**Dataset extract:**
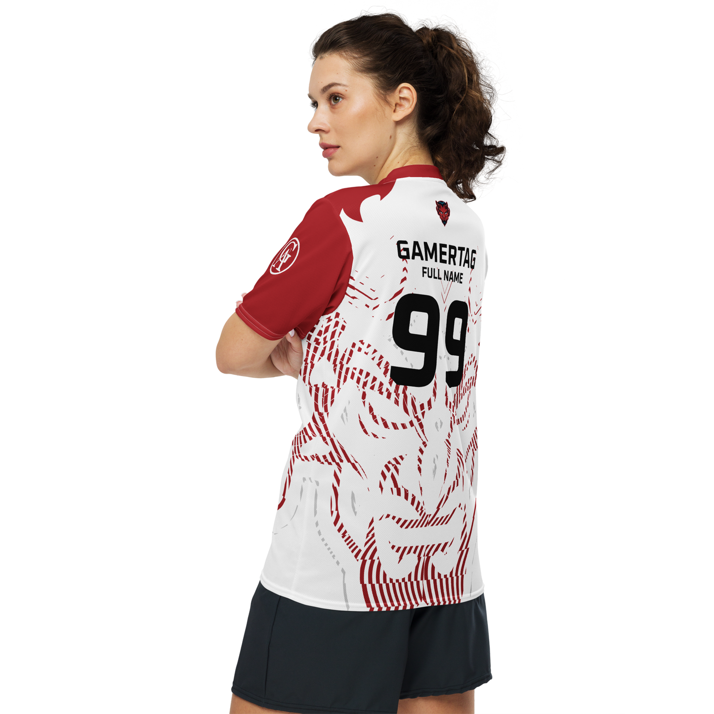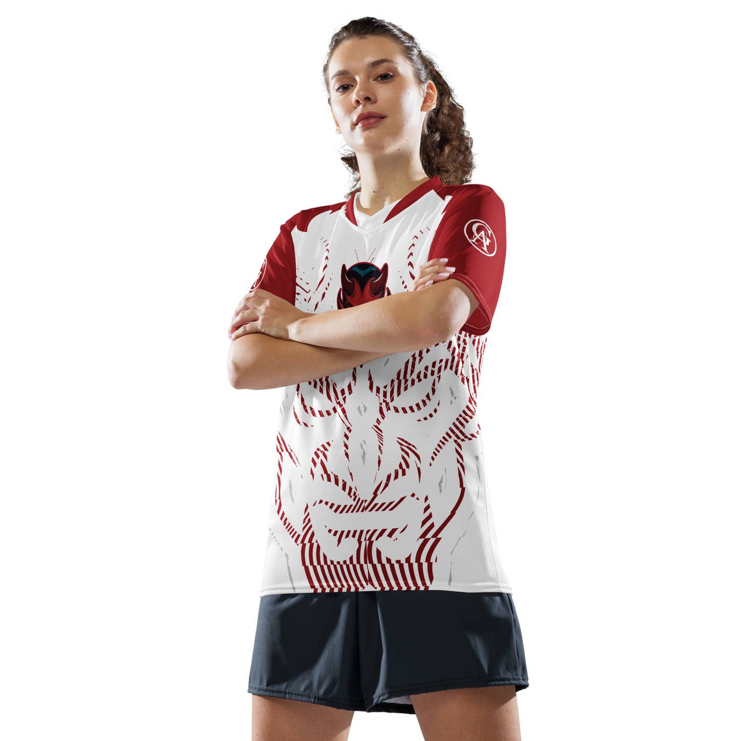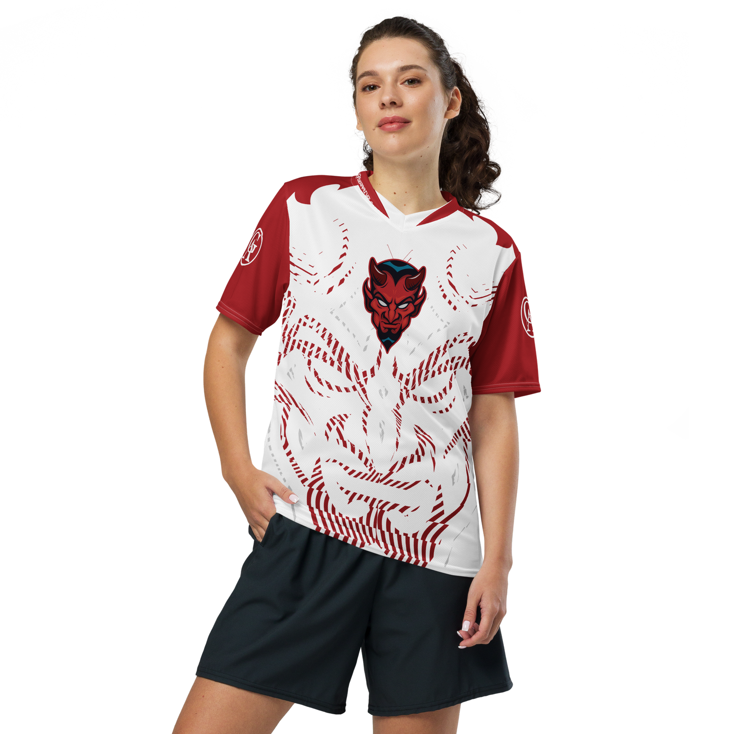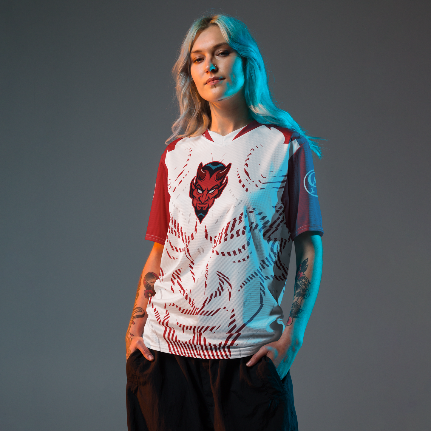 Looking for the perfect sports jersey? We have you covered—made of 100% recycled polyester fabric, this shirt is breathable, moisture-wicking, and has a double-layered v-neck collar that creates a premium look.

* * *

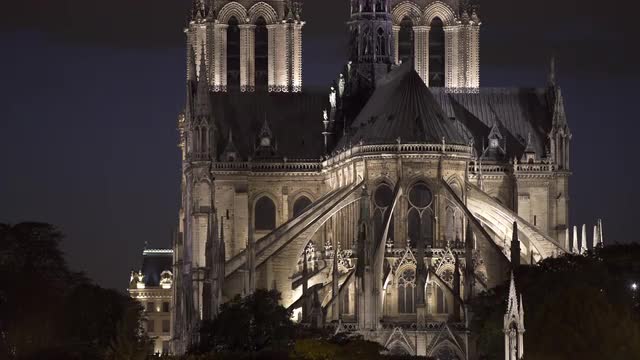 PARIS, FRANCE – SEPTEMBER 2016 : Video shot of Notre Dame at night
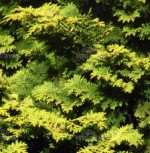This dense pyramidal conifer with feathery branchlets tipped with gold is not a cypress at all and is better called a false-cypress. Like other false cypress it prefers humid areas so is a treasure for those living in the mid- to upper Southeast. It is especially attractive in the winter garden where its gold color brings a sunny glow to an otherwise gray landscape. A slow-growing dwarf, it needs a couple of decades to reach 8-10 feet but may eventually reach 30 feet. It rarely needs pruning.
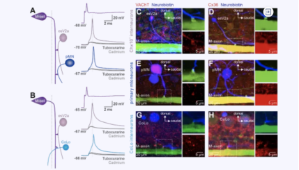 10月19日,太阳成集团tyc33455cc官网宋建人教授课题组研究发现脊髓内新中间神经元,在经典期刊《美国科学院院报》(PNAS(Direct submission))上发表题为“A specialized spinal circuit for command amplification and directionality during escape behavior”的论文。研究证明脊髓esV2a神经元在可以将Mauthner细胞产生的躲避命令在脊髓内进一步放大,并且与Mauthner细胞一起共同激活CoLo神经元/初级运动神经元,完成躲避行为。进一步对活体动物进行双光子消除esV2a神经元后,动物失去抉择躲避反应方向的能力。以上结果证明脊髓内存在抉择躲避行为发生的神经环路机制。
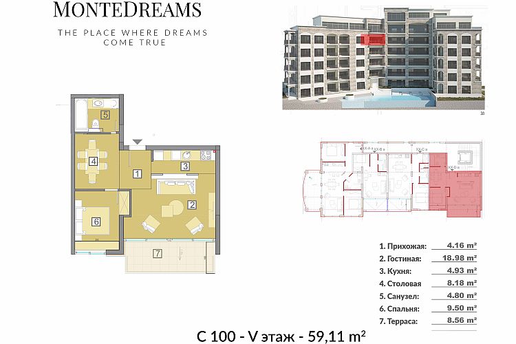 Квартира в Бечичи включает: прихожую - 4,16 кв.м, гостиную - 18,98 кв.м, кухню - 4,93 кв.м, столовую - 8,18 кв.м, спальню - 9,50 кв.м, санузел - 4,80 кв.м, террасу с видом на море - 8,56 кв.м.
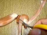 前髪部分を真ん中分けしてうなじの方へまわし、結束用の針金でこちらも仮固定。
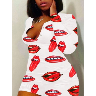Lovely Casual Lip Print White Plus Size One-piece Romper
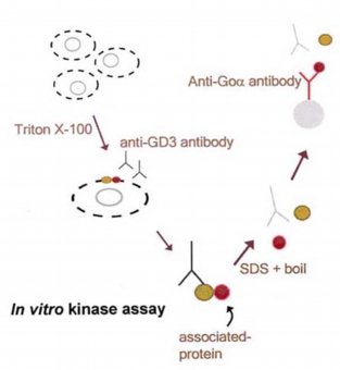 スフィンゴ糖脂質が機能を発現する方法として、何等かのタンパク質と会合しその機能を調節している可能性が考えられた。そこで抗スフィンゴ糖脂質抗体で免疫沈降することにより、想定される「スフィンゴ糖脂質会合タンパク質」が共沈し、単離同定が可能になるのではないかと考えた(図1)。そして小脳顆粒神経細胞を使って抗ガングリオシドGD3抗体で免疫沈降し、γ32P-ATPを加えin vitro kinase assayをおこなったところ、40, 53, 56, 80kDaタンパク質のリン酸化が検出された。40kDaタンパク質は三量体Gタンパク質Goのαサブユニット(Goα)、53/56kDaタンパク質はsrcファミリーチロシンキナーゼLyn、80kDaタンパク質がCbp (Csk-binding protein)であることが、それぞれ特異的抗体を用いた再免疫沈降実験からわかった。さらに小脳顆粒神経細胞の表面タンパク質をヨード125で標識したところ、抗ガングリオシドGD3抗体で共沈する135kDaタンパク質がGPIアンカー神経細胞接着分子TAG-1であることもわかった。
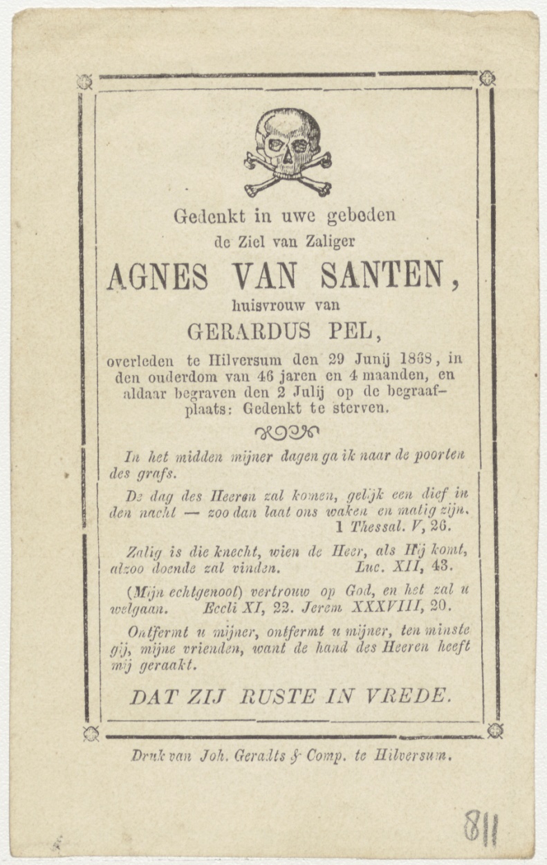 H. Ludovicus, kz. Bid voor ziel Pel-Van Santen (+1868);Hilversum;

**What is required:** Because only one stretch of the records is wanted, please output the lines from the one holding "PARIS, FRANCE –" through the one holding "Lovely Casual Lip" exactly, both included, and leave every picture out.

**Answer for this exercise:**
 PARIS, FRANCE – SEPTEMBER 2016 : Video shot of Notre Dame at night
This dense pyramidal conifer with feathery branchlets tipped with gold is not a cypress at all and is better called a false-cypress. Like other false cypress it prefers humid areas so is a treasure for those living in the mid- to upper Southeast. It is especially attractive in the winter garden where its gold color brings a sunny glow to an otherwise gray landscape. A slow-growing dwarf, it needs a couple of decades to reach 8-10 feet but may eventually reach 30 feet. It rarely needs pruning.
 10月19日,太阳成集团tyc33455cc官网宋建人教授课题组研究发现脊髓内新中间神经元,在经典期刊《美国科学院院报》(PNAS(Direct submission))上发表题为“A specialized spinal circuit for command amplification and directionality during escape behavior”的论文。研究证明脊髓esV2a神经元在可以将Mauthner细胞产生的躲避命令在脊髓内进一步放大,并且与Mauthner细胞一起共同激活CoLo神经元/初级运动神经元,完成躲避行为。进一步对活体动物进行双光子消除esV2a神经元后,动物失去抉择躲避反应方向的能力。以上结果证明脊髓内存在抉择躲避行为发生的神经环路机制。
 Квартира в Бечичи включает: прихожую - 4,16 кв.м, гостиную - 18,98 кв.м, кухню - 4,93 кв.м, столовую - 8,18 кв.м, спальню - 9,50 кв.м, санузел - 4,80 кв.м, террасу с видом на море - 8,56 кв.м.
 前髪部分を真ん中分けしてうなじの方へまわし、結束用の針金でこちらも仮固定。
Lovely Casual Lip Print White Plus Size One-piece Romper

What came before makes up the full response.